TASK BRIEF:
From the records below, please print only the lines from the one containing "A black cat" through the one containing "Comércio de Guimarães, nº", both included. Skip the pictures.

MATERIAL PROVIDED:
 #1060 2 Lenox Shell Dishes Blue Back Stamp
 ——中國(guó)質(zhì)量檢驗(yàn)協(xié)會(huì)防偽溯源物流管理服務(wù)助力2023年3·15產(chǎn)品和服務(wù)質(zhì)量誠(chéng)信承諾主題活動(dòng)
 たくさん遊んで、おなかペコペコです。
---
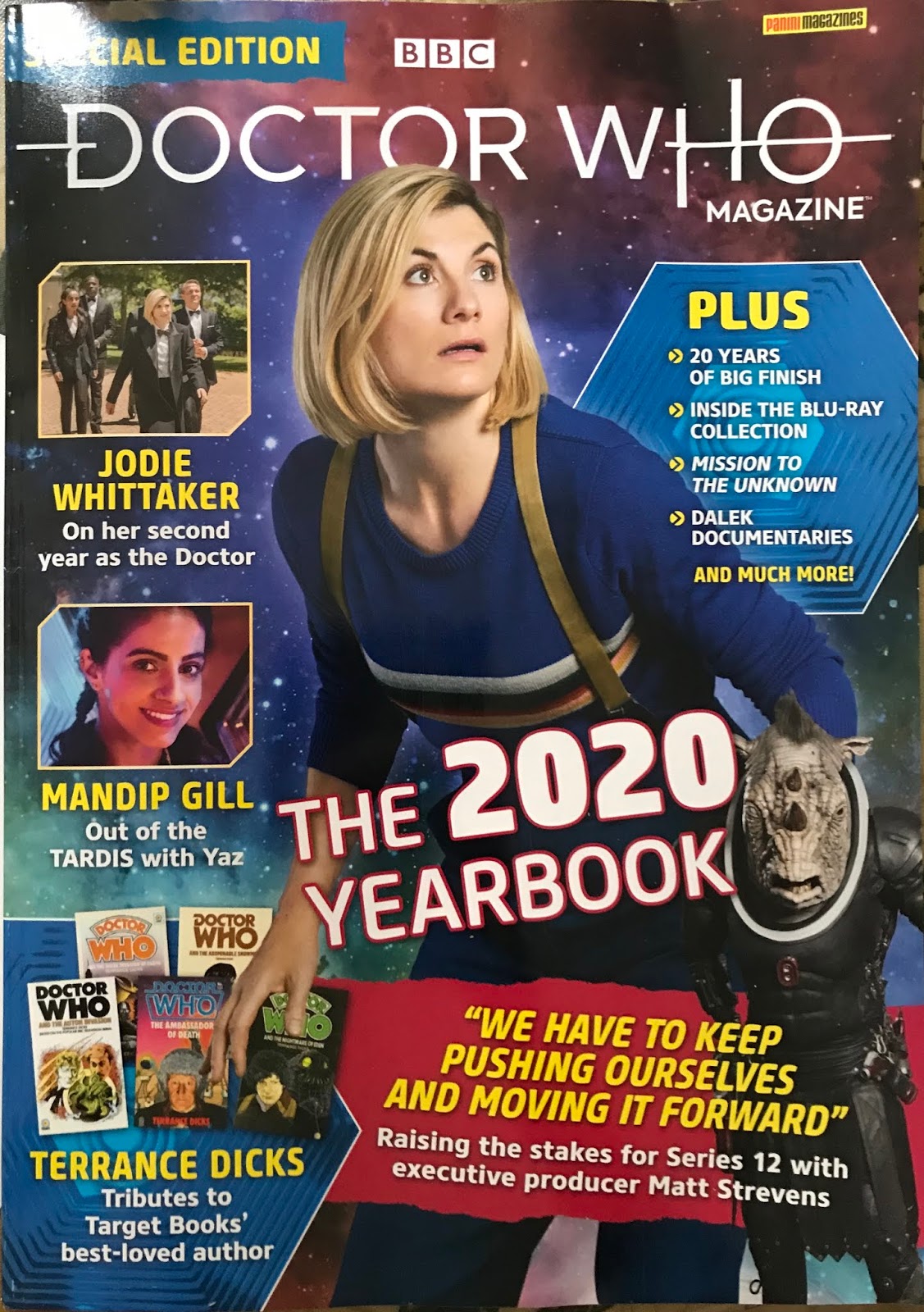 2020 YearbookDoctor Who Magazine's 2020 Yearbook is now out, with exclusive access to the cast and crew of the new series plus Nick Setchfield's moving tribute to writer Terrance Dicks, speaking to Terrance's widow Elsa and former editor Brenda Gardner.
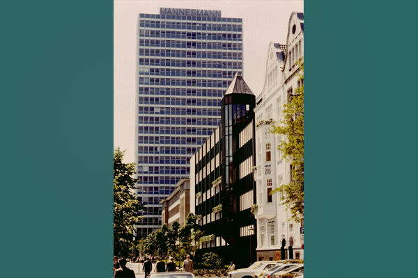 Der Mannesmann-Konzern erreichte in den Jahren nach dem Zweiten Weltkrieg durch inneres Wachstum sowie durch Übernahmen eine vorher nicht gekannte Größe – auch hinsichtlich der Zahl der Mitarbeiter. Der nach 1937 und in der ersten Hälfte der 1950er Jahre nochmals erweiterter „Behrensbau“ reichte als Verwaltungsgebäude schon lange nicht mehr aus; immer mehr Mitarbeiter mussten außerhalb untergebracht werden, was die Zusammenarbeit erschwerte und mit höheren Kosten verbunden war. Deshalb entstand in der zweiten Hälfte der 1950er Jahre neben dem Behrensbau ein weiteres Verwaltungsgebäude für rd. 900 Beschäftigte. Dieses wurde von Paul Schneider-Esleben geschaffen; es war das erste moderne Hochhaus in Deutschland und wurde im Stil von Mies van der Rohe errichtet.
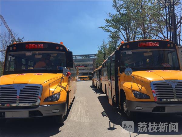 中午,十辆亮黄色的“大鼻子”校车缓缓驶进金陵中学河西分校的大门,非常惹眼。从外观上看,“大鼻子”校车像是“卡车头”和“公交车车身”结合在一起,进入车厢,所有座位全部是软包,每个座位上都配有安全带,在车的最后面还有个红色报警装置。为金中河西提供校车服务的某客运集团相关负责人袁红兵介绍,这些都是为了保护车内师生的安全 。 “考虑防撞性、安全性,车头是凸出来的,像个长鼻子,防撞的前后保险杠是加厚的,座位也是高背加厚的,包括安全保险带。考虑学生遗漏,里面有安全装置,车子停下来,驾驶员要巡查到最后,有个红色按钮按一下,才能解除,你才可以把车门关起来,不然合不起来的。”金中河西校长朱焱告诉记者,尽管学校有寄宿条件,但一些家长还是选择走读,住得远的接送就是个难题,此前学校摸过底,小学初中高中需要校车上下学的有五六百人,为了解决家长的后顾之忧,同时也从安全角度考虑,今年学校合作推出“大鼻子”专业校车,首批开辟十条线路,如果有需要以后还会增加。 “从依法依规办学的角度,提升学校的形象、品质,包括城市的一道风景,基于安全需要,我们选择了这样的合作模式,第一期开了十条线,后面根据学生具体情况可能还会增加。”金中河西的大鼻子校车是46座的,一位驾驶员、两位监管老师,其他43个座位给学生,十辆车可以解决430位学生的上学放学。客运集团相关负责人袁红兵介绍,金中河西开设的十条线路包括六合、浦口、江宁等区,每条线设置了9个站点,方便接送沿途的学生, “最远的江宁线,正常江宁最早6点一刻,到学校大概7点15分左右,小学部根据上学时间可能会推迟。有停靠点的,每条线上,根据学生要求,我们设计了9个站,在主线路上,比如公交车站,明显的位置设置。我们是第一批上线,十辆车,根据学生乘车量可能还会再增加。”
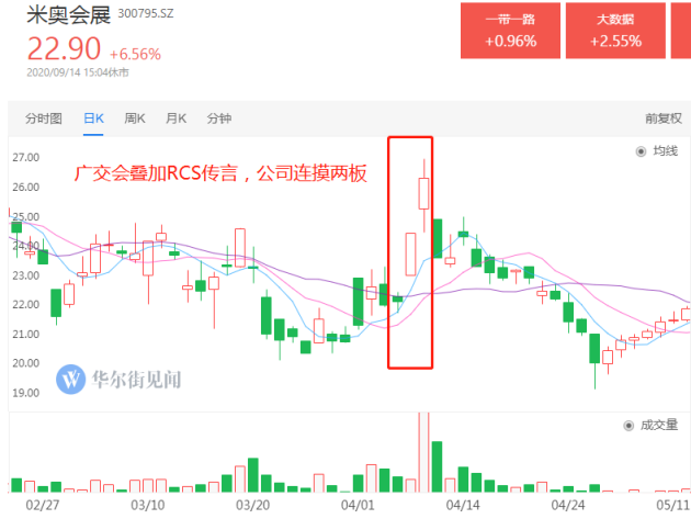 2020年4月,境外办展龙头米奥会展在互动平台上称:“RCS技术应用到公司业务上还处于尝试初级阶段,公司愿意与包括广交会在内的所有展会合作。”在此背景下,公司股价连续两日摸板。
...
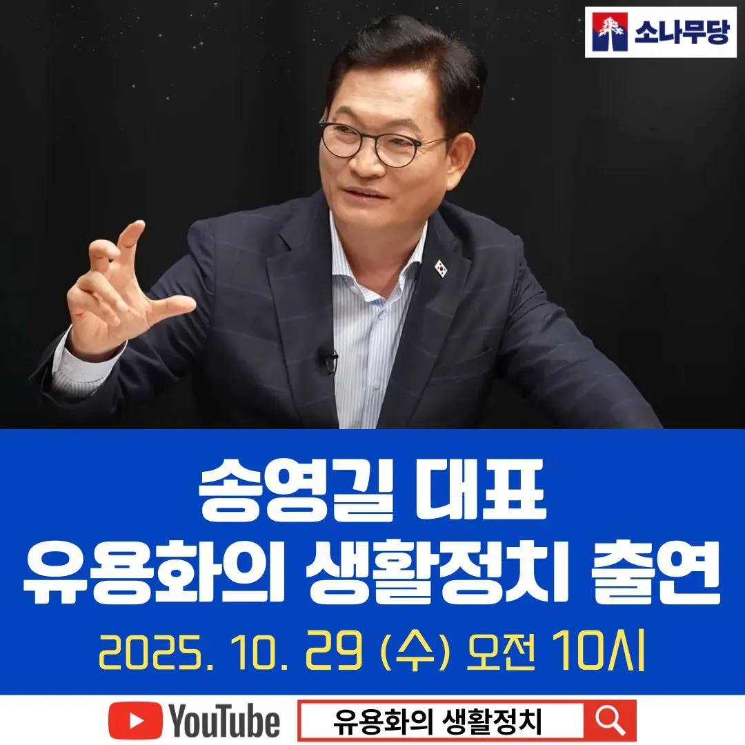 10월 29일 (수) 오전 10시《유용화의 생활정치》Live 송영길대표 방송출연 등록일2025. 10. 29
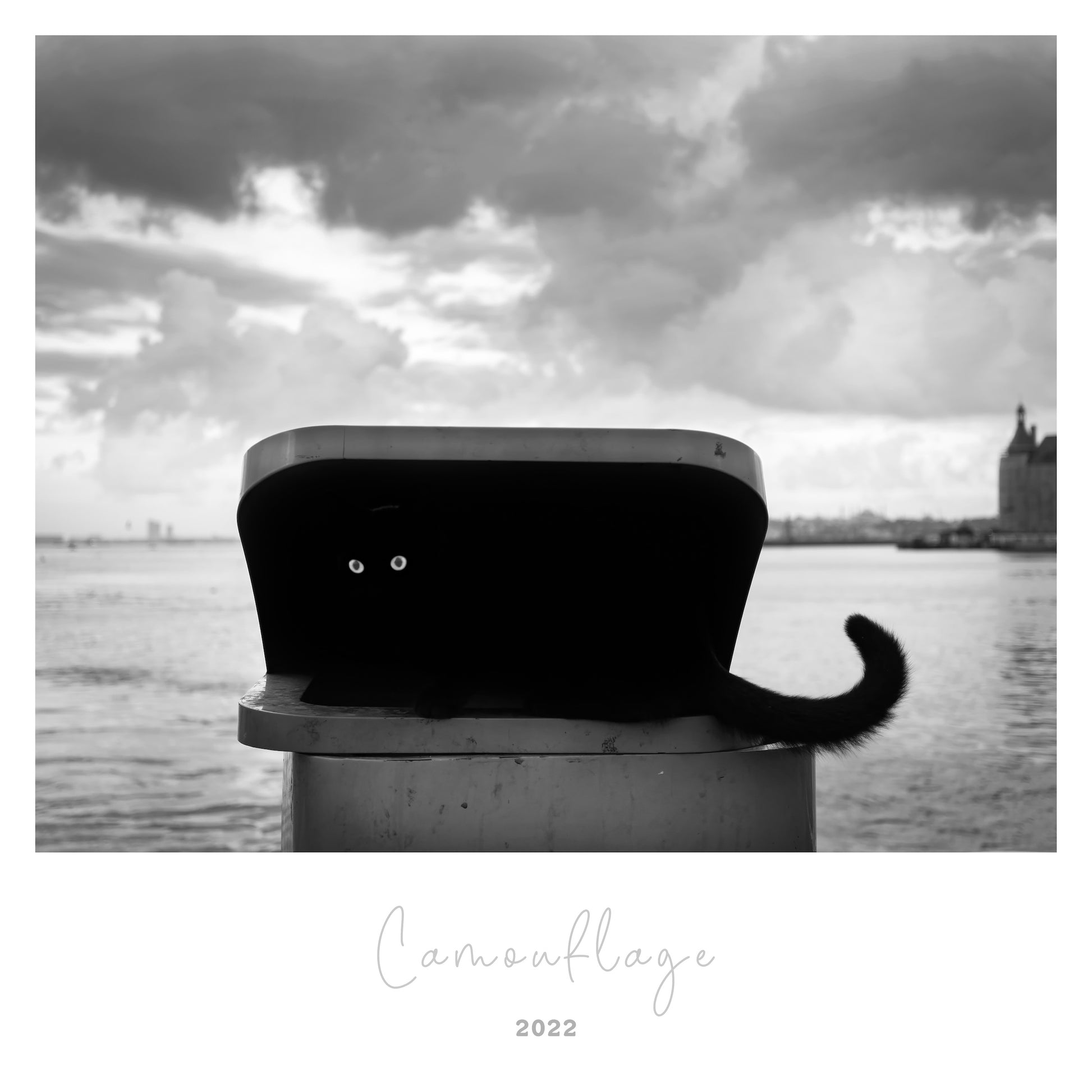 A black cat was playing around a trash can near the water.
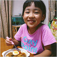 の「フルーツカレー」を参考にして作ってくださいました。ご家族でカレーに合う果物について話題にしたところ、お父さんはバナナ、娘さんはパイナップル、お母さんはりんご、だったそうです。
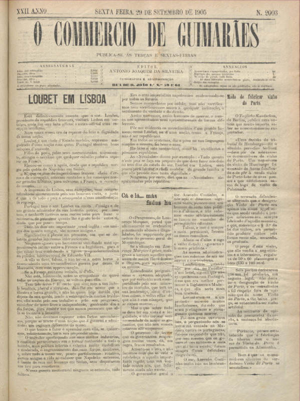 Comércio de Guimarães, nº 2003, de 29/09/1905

OUTPUT:
 A black cat was playing around a trash can near the water.
 の「フルーツカレー」を参考にして作ってくださいました。ご家族でカレーに合う果物について話題にしたところ、お父さんはバナナ、娘さんはパイナップル、お母さんはりんご、だったそうです。
 Comércio de Guimarães, nº 2003, de 29/09/1905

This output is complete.